What are the features of a small electron field?
- Lateral equilibrium is lost
- Penumbras can overlap
- R50,D defined in a large field is STILL the parameter defining the beam as a whole
- Stopping power ratios are the same
How is R(50,d) determined? What equation is used?
Measure PDD, using ion chamber.
This measures R(50,I) : the CAX depth in water at which the measured ionisation is 50% of the maximum value.
Ion chamber needs converting to dose (measures ionisation), so multiply by stopping power ratios to get dose.
R(50,D) = 1.029 * R(50,I) - 0.063 (cm) where R(50,I) is between 2-10cm and 2-24MeV.
How are depth dose curves measured for electron beams according to the electron CoP?
- Ionisation Chamber:
- 1.Raw chamber reading gives ionisation curve
- At each depth correct the reading for:
- Stopping Power ratios
- Perturbation (negligible for some chambers.

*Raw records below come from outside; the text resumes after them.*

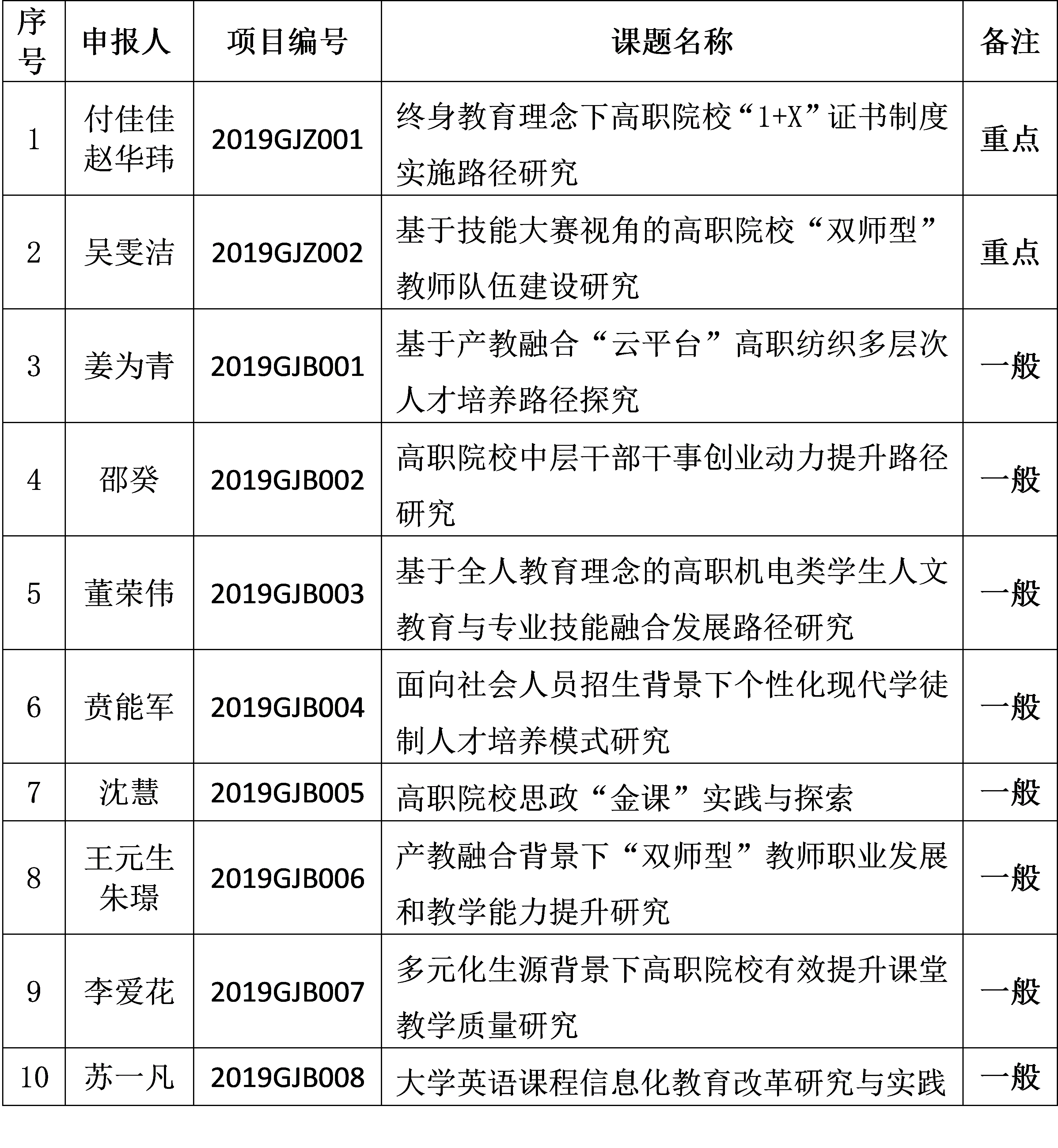盐城工业职业技术学院2019年校本研究课题汇总表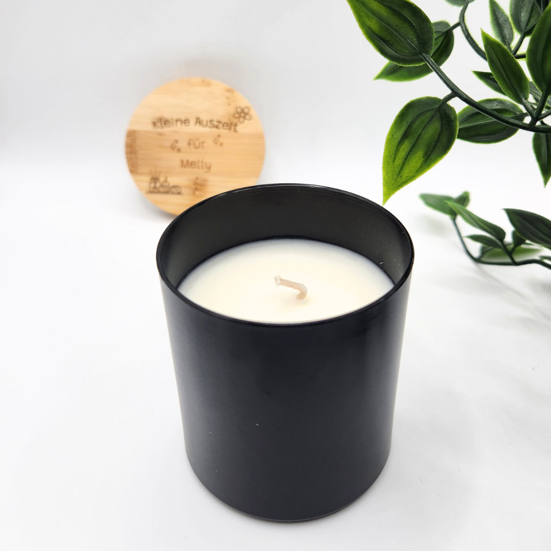 Schenke einen Moment der Ruhe im edlen Gewand. Jetzt Namen angeben und die schwarze Wellness-Kerze personalisieren!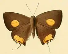 Deudorix lorisona, the coffee playboy, is a butterfly in the family Lycaenidae. It is found in Senegal, the Gambia, Guinea-Bissau, Guinea, Sierra Leone, Burkina Faso, Liberia, Ivory Coast, Ghana, Togo, Nigeria, Cameroon, Equatorial Guinea, São Tomé and Príncipe, Gabon, the Republic of the Congo, the Central African Republic, the Democratic Republic of the Congo, Sudan, Uganda, Ethiopia, Kenya, Burundi, Tanzania, Malawi, Zambia, Mozambique and Zimbabwe.[2] The habitat consists of dense savanna and forests.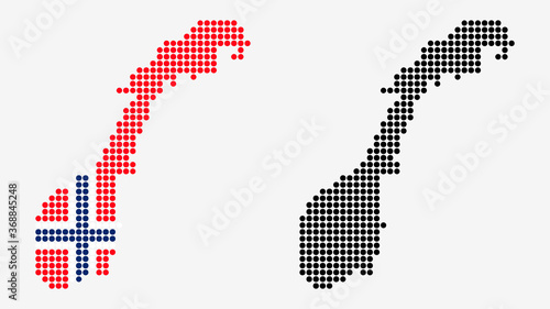 Fototapeta premium Map of Norway, in dotted style. One version includes the flag, the other is simply black. Vector Graphic.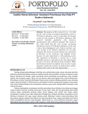 Nuramdani, Nuramdani and Asep, Suherman (2022) Analisis sistem informasi akuntansi penerimaan sas pada PT Dealova Indonesia. Jurnal Portofolio, 1 (2): 2. pp. 63-71. ISSN 2829-6109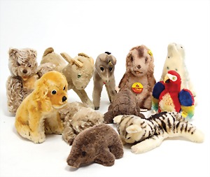 14 Teile, meist ohne Knopf u. Schild, darunter, Renni, kompl., Nr. 1314.00, Ente, komplett, Nr. 2311.07, Hahn Ente, Fisch, kl. Elefant, Dromedar, Steinbock, Kuh, etc., bespielt bis gut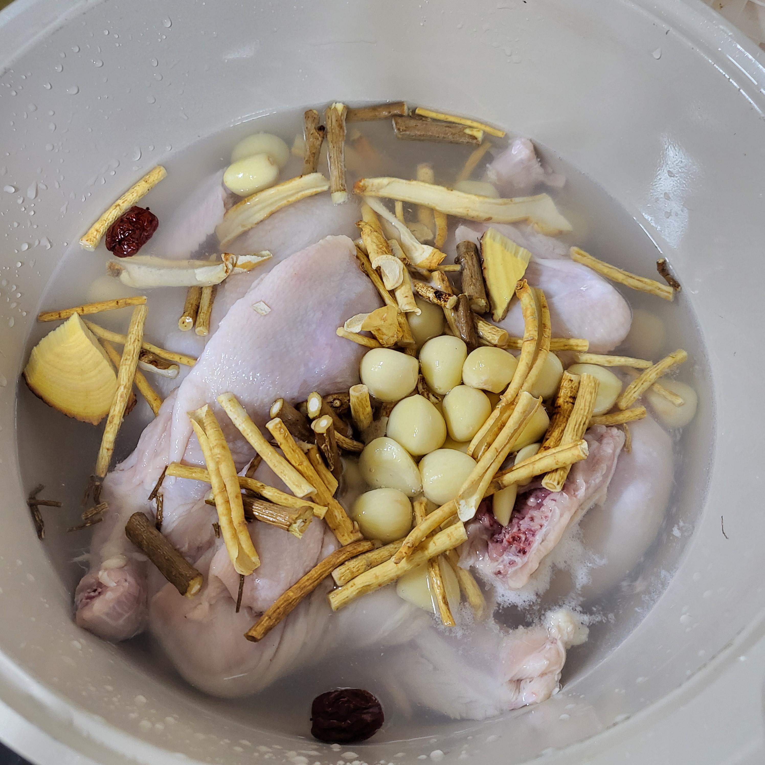 물에 손질한 닭과 각종 한방재료와 마늘 대추 넣고 삶을 준비를 합니다.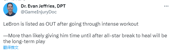 医学专家Evan Jeffies发推表示,詹姆斯经过高强度训练仍缺席比赛,可能他的脚踝需要到全明星周末后才能痊愈,给他更多的休息时间,这是一个长期决定。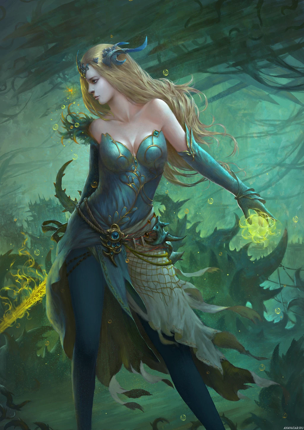 a female character from a fantasy setting. She has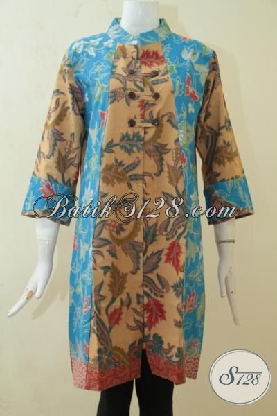 Dress Batik Istimewa Kombinasi Coklat Dan Biru, Baju Batik Printing Halus Model Terbaru Yang Lebih Mewah Berpadu Dengan Dual Motif Lebih Modis [DR3163PL-M]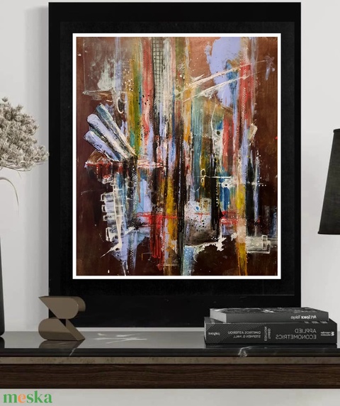 "Pillantás a városra"-absztrakt festmény keretezve az alkotótól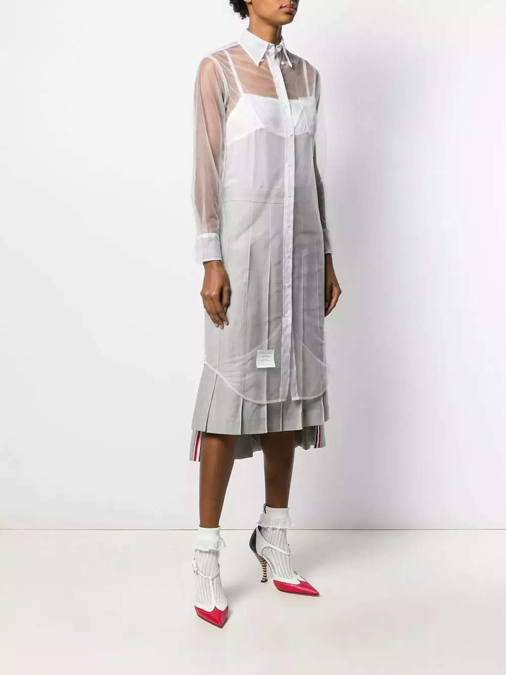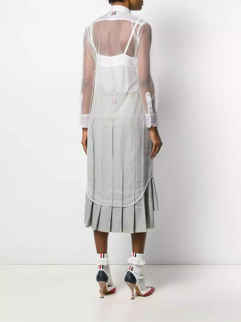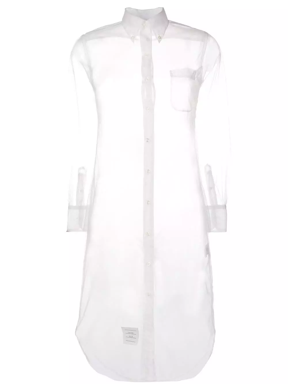 Add an unexpected layer to your look. The sheer design of this shirt lets the tailoring shine through. Thom Browne updates a traditional style in an unexpected way. Featuring a button collar, a signature three stripe detail, a front button fastening, a sheer construction, long sleeves, button cuffs and a mid-length.

Parallel plate = 1, so ignore the factor)
- Ion recombination
- At each depth correct the reading for:
- Temperature and Pressure corrections unnecessary if phantom left sufficient time to attain equilibrium
- Remember to account for Effective Point Of Measurement.
- P-type diode:
- 1 Depth dose can be measured directly, HOWEVER:
- Must validate against ionisation chamber
- Must NOT use a shielded photon diode (as high Z shield next to sensitive volume shields it from low energy scattered photons = unsuitable for electons)
- 2 The stopping power ratios of silicon to water vary little with electron energy (and therefore depth) as opposed to the stopping power ratios of air to water.
- Film / other dosimetry systems:
- Must validate against ionisation chamber
- Scanner ‘issues’ – requires good knowledge of processing